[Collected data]
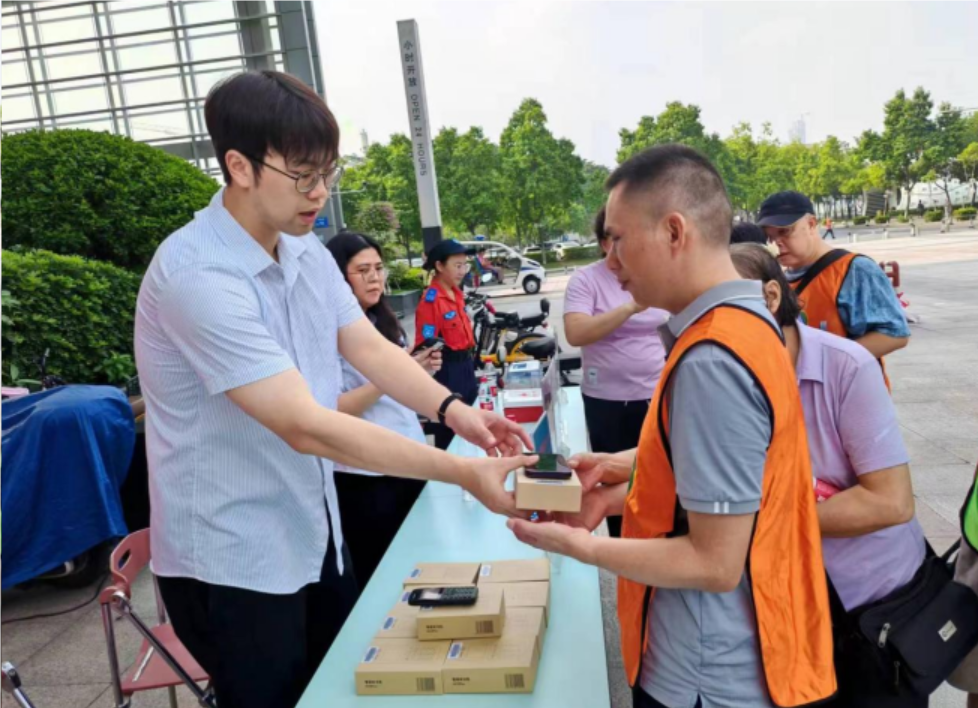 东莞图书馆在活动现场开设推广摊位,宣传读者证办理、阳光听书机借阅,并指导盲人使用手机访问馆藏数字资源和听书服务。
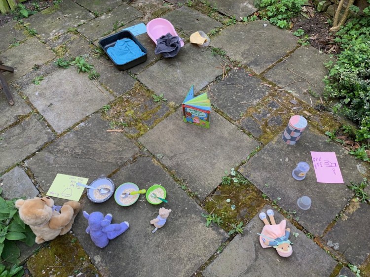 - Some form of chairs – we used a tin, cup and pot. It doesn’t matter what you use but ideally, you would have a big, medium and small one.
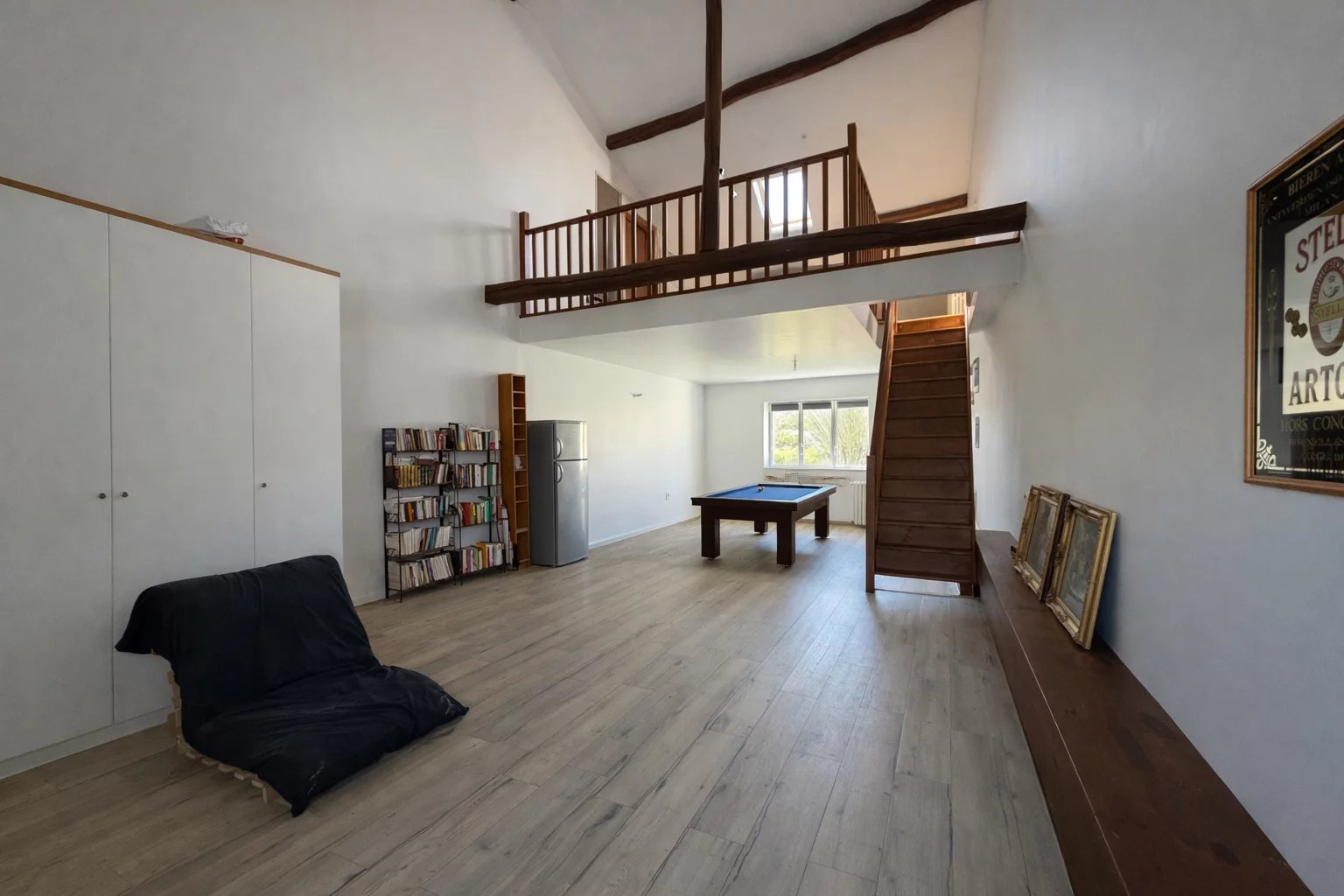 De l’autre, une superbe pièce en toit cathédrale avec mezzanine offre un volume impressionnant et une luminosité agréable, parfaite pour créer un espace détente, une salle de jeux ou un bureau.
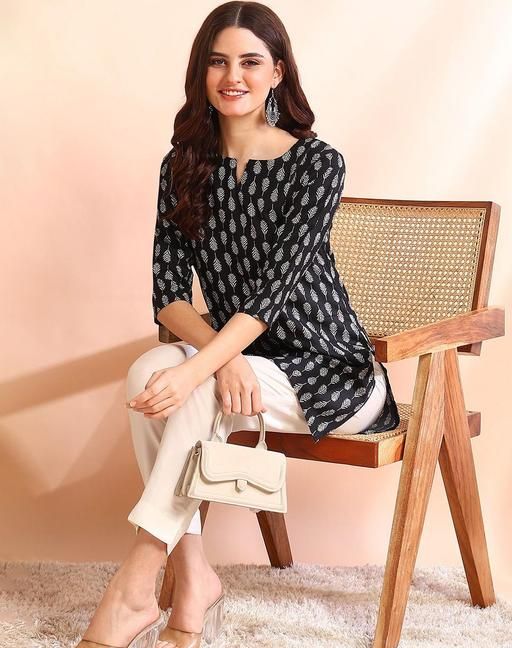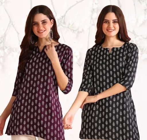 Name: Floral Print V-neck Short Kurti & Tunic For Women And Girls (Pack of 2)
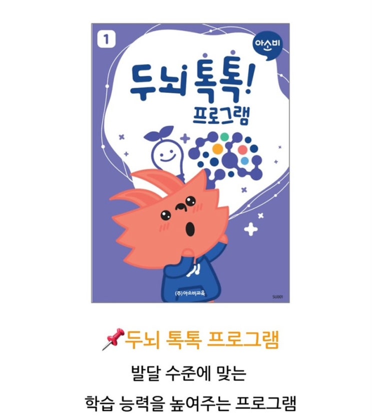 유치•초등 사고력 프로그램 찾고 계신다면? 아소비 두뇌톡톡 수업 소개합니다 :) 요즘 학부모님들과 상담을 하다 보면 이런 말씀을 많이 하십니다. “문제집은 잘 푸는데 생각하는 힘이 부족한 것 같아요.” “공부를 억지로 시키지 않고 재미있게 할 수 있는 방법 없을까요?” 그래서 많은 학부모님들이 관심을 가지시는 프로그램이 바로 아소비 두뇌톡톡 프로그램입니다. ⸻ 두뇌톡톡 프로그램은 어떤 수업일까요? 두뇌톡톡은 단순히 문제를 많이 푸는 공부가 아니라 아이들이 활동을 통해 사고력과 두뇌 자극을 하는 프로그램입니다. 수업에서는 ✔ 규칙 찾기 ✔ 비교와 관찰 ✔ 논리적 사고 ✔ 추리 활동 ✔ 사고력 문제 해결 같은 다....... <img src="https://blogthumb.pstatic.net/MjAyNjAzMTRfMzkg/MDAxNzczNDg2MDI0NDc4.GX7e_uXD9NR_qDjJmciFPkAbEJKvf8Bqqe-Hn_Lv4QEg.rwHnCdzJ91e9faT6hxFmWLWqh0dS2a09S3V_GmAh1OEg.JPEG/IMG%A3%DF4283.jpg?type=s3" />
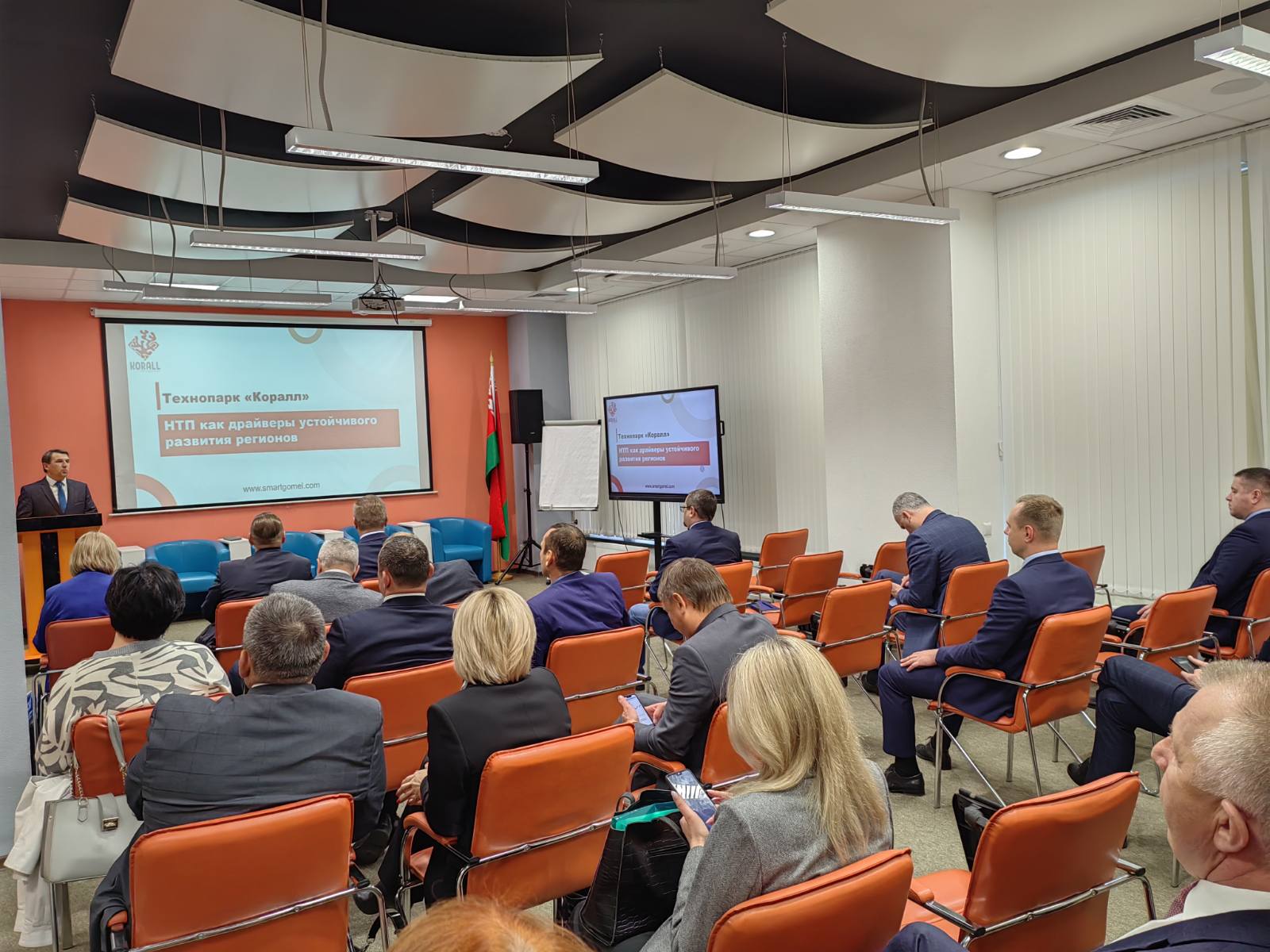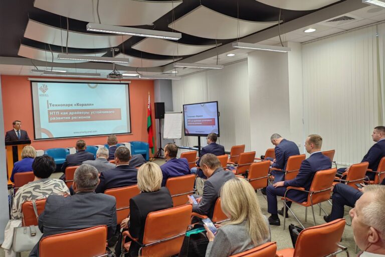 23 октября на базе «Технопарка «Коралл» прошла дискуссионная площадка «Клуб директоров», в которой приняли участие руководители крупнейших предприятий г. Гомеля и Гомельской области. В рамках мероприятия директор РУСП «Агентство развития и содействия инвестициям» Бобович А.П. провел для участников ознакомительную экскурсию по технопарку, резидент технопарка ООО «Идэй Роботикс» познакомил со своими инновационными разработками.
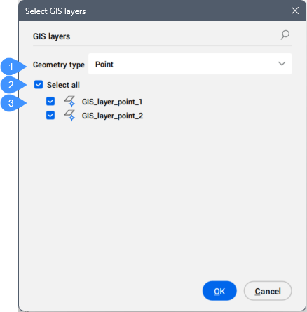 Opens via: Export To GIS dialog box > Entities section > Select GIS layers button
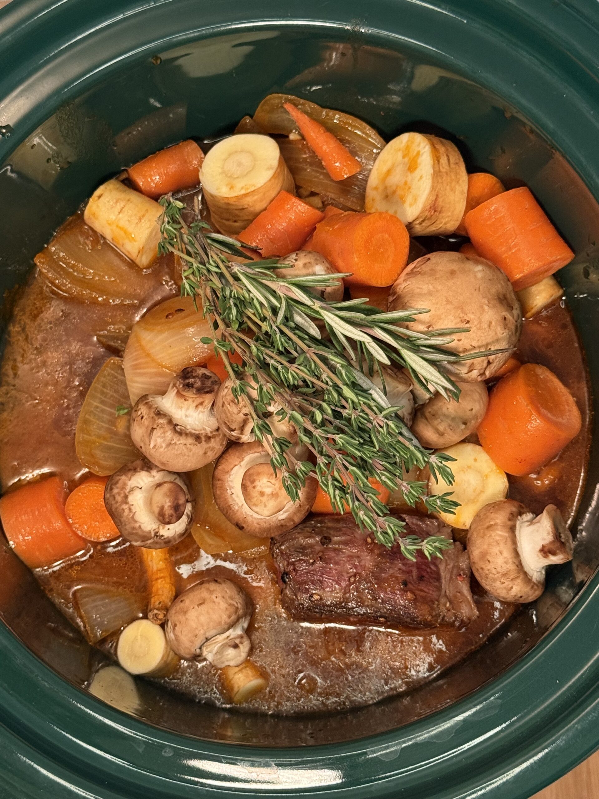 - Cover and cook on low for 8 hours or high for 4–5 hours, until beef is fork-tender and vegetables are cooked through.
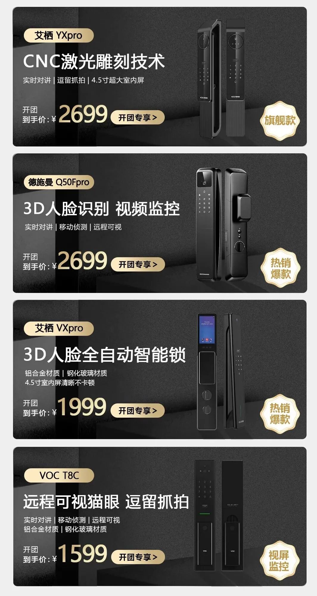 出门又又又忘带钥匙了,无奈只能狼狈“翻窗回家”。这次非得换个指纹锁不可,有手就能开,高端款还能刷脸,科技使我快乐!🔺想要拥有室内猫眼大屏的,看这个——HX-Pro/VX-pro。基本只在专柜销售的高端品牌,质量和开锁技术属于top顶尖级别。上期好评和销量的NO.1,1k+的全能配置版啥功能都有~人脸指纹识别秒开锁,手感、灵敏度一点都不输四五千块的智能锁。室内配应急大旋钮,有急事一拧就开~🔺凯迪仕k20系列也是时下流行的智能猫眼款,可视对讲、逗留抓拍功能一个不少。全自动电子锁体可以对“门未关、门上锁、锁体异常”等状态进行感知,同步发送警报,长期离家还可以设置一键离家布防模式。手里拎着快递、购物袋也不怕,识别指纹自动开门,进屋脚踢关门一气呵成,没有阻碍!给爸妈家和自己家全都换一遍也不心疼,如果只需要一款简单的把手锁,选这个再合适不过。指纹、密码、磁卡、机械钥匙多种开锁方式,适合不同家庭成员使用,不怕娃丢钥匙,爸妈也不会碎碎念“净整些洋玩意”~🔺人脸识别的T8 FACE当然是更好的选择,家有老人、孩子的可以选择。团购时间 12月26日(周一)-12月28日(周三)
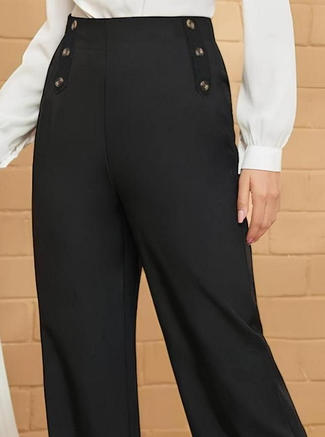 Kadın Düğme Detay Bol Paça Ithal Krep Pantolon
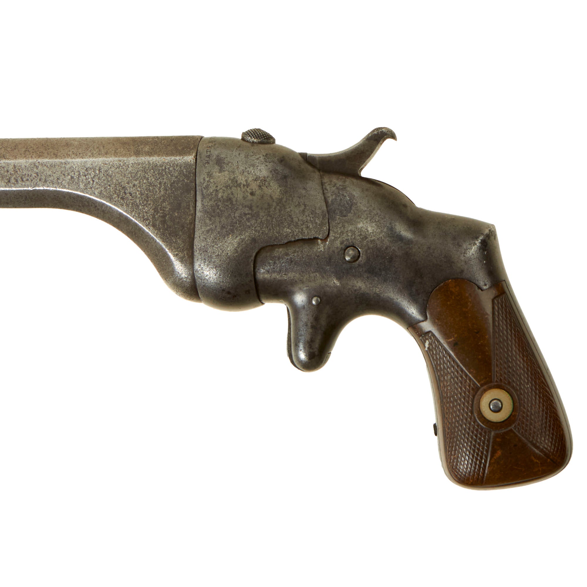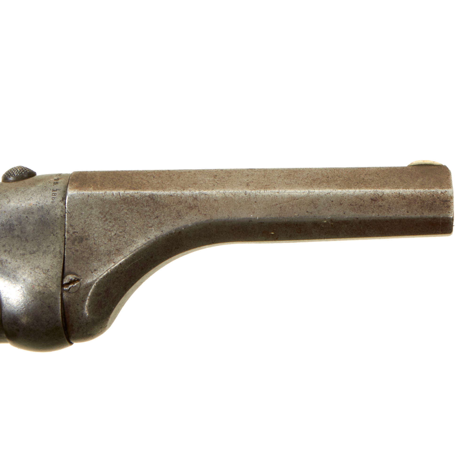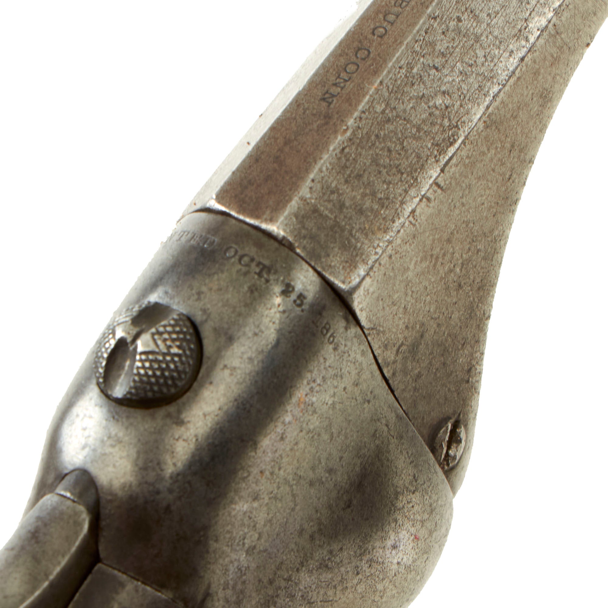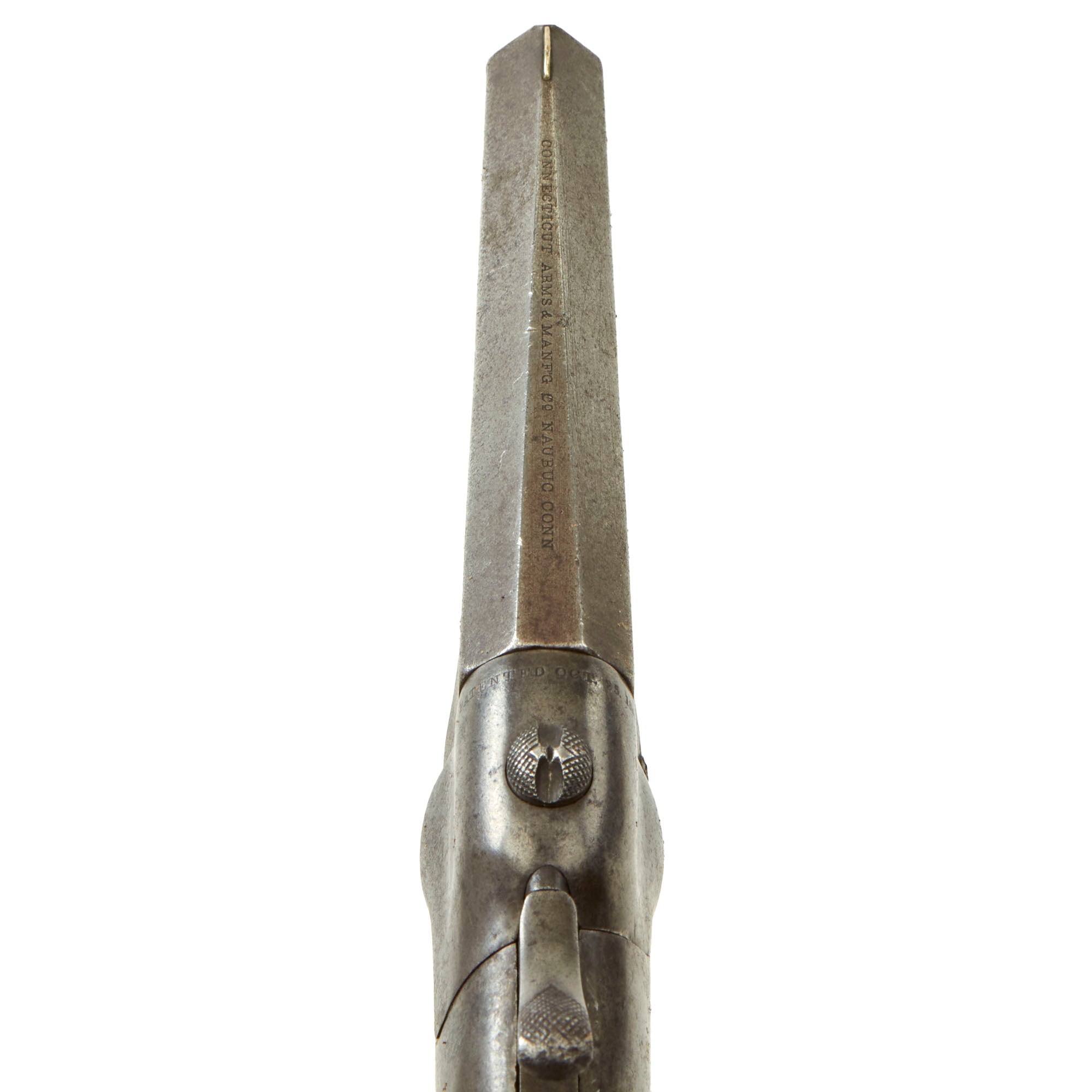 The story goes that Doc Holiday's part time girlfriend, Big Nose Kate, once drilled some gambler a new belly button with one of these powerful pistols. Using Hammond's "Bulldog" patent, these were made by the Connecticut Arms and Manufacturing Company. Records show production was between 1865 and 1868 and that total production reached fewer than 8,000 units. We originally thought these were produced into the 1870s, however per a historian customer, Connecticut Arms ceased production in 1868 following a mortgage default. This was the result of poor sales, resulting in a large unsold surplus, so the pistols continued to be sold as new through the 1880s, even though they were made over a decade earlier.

--- What is expected ---
Give back exactly the lines from the top of the records to the line containing "Name: Floral Print", both included, and no pictures.

--- Written response ---
 东莞图书馆在活动现场开设推广摊位,宣传读者证办理、阳光听书机借阅,并指导盲人使用手机访问馆藏数字资源和听书服务。
 - Some form of chairs – we used a tin, cup and pot. It doesn’t matter what you use but ideally, you would have a big, medium and small one.
 De l’autre, une superbe pièce en toit cathédrale avec mezzanine offre un volume impressionnant et une luminosité agréable, parfaite pour créer un espace détente, une salle de jeux ou un bureau.
 Name: Floral Print V-neck Short Kurti & Tunic For Women And Girls (Pack of 2)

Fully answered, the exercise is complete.